Let’s say you’re selling chef knives on Amazon and you’re bidding for the phrase keyword “chef knife”. As the keyword is in the ‘phrase match’ type, and as long as it’s included somewhere in the shoppers search query, your ad can be entered into the auction and shown to that shopper. 

Your German chef knife could appear even if a customer searches for something like “Japanese chef knife”. Since your keyword phrase is included in their search.

In this example, it may be a good idea to add “Japanese” as a negative phrase keyword so that any customer who includes the word “Japanese” in their search, won’t be matched with your German chef knives.

We do this because shoppers specifically looking for Japanese knives may be unlikely to buy our German-made ones, and in many cases we’ll have data to support this assertion before adding the negatives.

This is a very common issue businesses on Amazon run into, but many just end up ignoring this problem and continue to waste their ad spend.

Negative keywords are a great way to exclude the irrelevant shoppers from seeing your ads.
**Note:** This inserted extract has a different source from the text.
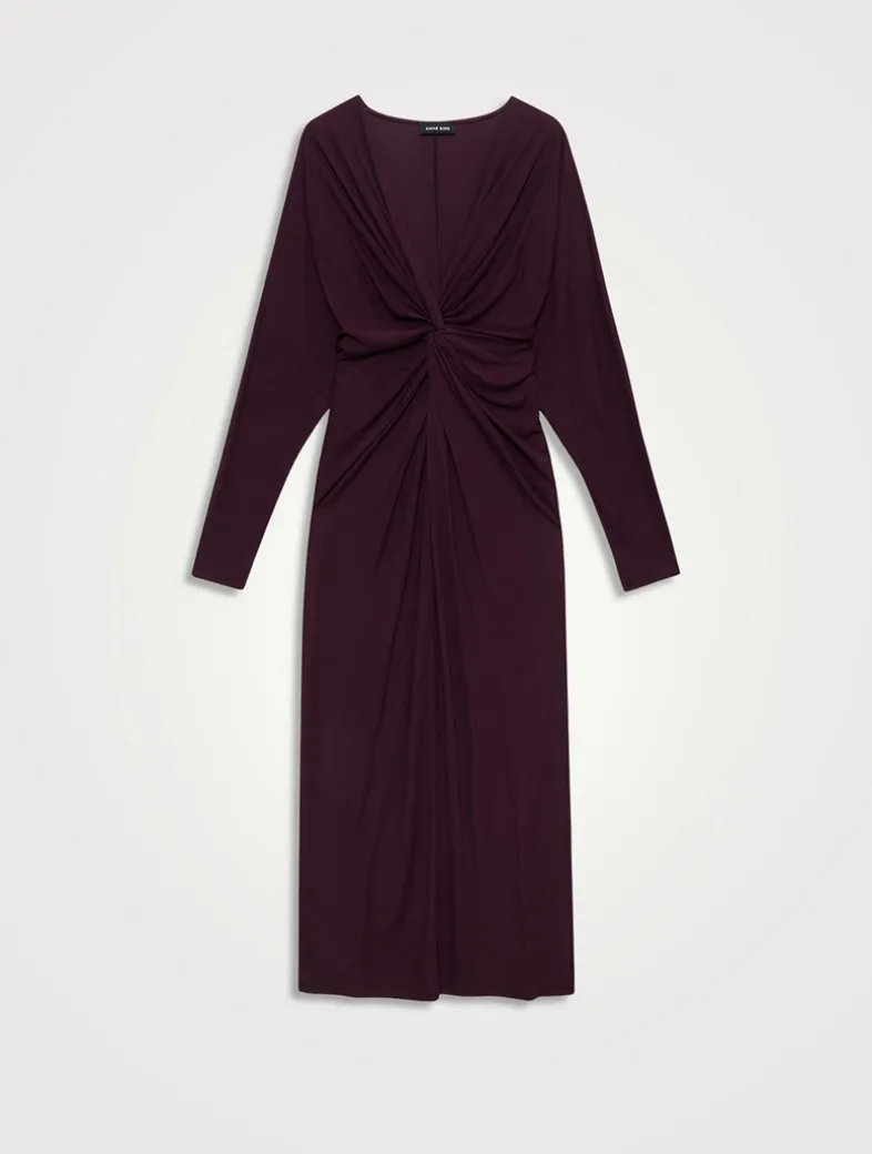 Crafted from an unlined, midweight viscose-jersey blend with a smooth, drapey feel and subtle sheen, this elegant silhouette features a deep V-neckline, knot detailing at the centre-front waistline, and long dolman sleeves. Cut for an oversized fit that is slightly tapered from the hips down with a midi-length hemline.

Remember, the idea is to pay for clicks from shoppers who are the most likely to buy your products.

Before we dive any deeper into the details of Amazon negative keywords, it’s important to have a solid understanding of the 3 different keyword match types on Amazon

PPC 101: Keyword Match Types

On the Amazon Sponsored Ads platform we have broad, phrase, and exact match types. Keyword match types are extremely important to understand in PPC because they determine how you’re targeting the search queries entered by shoppers and the type of audience your ads will be delivered to. 

If you don’t know how best to structure your campaigns to guide Amazon’s algorithm towards showing your ads to the right shoppers, how do you expect it to match your product to your ideal customer?

Let’s quickly get a better understanding of the different match types to make more sense out of this.

To explain how match types function, the example we’re going to use here is the keyword “nose trimmer”. We’re going to discuss the different keyword types possible: exact, phrase, and broad. So if we add the keyword “nose trimmer” as exact match, we’re only going to be appearing for things like:

  • Nose trimmer
  • Nose trimmers (plurals are included)
  • Nos trimmers (misspelling and plural)
  • Nose trimers (which is a common misspelling)
  • Noses trimmer

Now check out what happens when we move from exact match into phrase match. In phrase match, as long as the keyword phrase in the same order is a part of the shopper search query, then your ad can match with that shopper. So now we can appear for searches like:

  • Nose trimmers for men
  • Philips Norelco nose trimmers
  • Nose trimmers for travel
  • Ear and nose trimmers
  • Rechargeable nose trimmers
  • Professional nose trimmers

See how we’ve increased the variety of what we appear for in the ad auction? Our ads can show up against searches that contain men or women as qualifiers. We can show up based on competitor brand searches.

Or we can even show up for different use cases. Our product may not be very relevant for shoppers searching for general hair removal or for a unique purpose like travel or use at a barber shop.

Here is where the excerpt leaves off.